The museum's collection of cultural relics mainly comes from the general villagers around Maoling, purely unearthed within the Maoling area. In October 1980, Zhang Gugu, a villager from Qijiapo, Xiwu Township, Xingping County, found cultural relics while digging in his own manor base, and the Maoling Museum subsequently cleared out 33 cultural relics of 15 kinds, including Western Han bronze tripods, bronze franciums, bronze mirrors, and five-baht coins.In 1981, Jiang Huijie, a villager from Dongchenqian, Nanbit Township, Xingping County, discovered ancient grave sites while digging kilns at home, and cleaned up the site. In May 1981, Xingping County, Xiwu Township, Douma Village villagers Gao Juntian, etc. in the Maoling burial area Yang Xin tomb south of the gilt bronze horse was found when leveling the land and immediately reported to the Maoling Museum, and later excavated and cleaned up a total of 236 pieces of cultural relics unearthed. To 1989, maoling museum collected more than 3100 pieces of cultural relics handed over by the masses.

== Pavilion Exhibition ==
The Maoling Museum, built in front of the tomb of Huo Zaiwei, is a garden-style museum with pavilions and pavilions built in imitation style. The museum covers an area of 121,486 square meters, with a building area of 15,805 square meters.

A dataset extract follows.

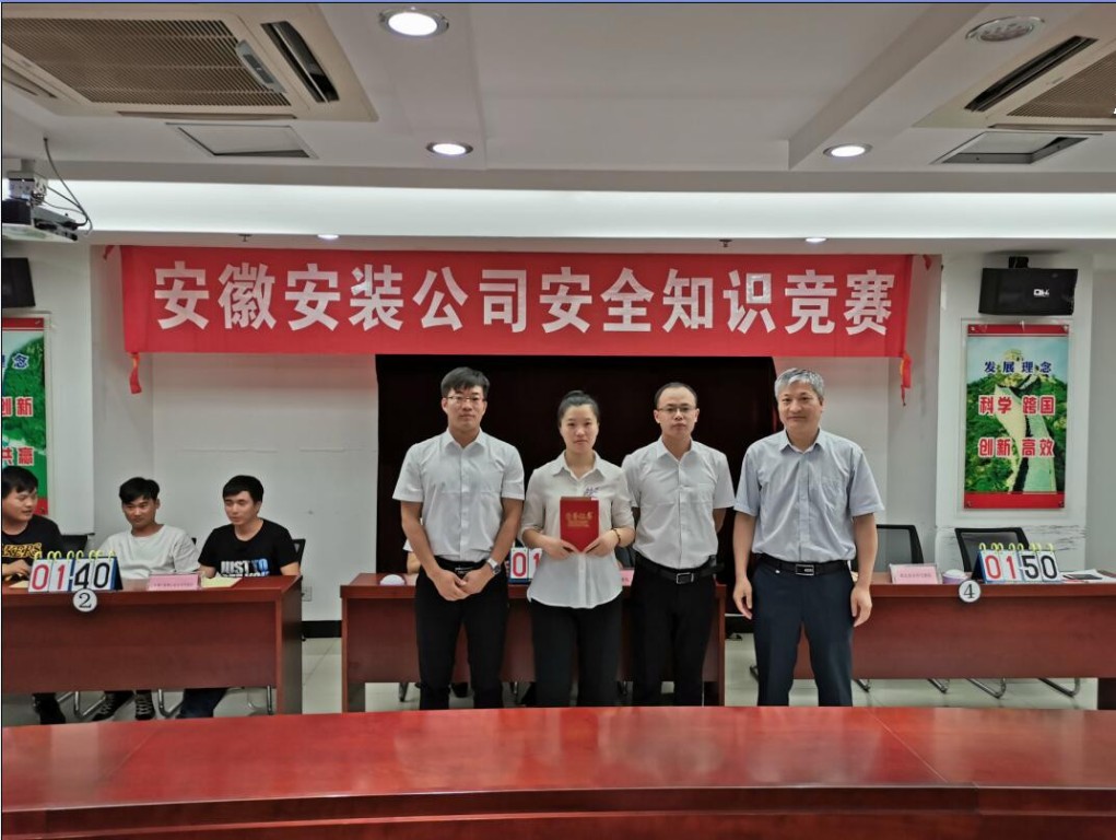 本次競賽由公司安全管理部、工會主辦,機關和所屬分公司公司共9支代表隊參加。經過個人必答題、小組必答題、搶答題及風險題等四種題型的激烈爭奪,最終由安慶分公司代表隊榮獲冠軍,西北分公司代表隊榮獲二等獎,房建(裝飾)分公司和合肥分公司第二代表隊榮獲三等獎。

At the forefront of the Maoling Museum is the main gate, with two buildings of showrooms on the east and west sides of the compound, and slightly ahead are the East Court and West Court. The East Court is set up with a guesthouse and restaurant, and the West Court has a reception room. Huo Tomb is located in the museum garden, there are two corner towers and a pair of stone-carved pavilions in front of the tomb, four stone-carved corridors on both sides, and a stone monument erected in the center in front of the tomb. On the south side of the tomb, there are curved rails on both sides leading to the top of the tomb, and there is a “Pavilion of Excellency” at the top of the tomb. Inside the pavilion, there are various gardens of various sizes fenced with holly, interspersed with more than a hundred kinds of flowers and trees.

== Visiting ==
The Maoling Museum is open for tours from April to October from 8:30 to 18:00 every day, and from November to March from 8:30 to 17:30 every day.You need to log on the official website of the Maoling Museum to purchase tickets by using the ID card real-name online reservation system, and the ticket price is 75 yuan per person in the peak season (March to November) and 55 yuan per person in the off-season (December to the end of February). Visitors can take the No. 4 bus to Fujiaqiao and transfer to the No. 11 bus to reach the Maoling Museum in Xianyang City.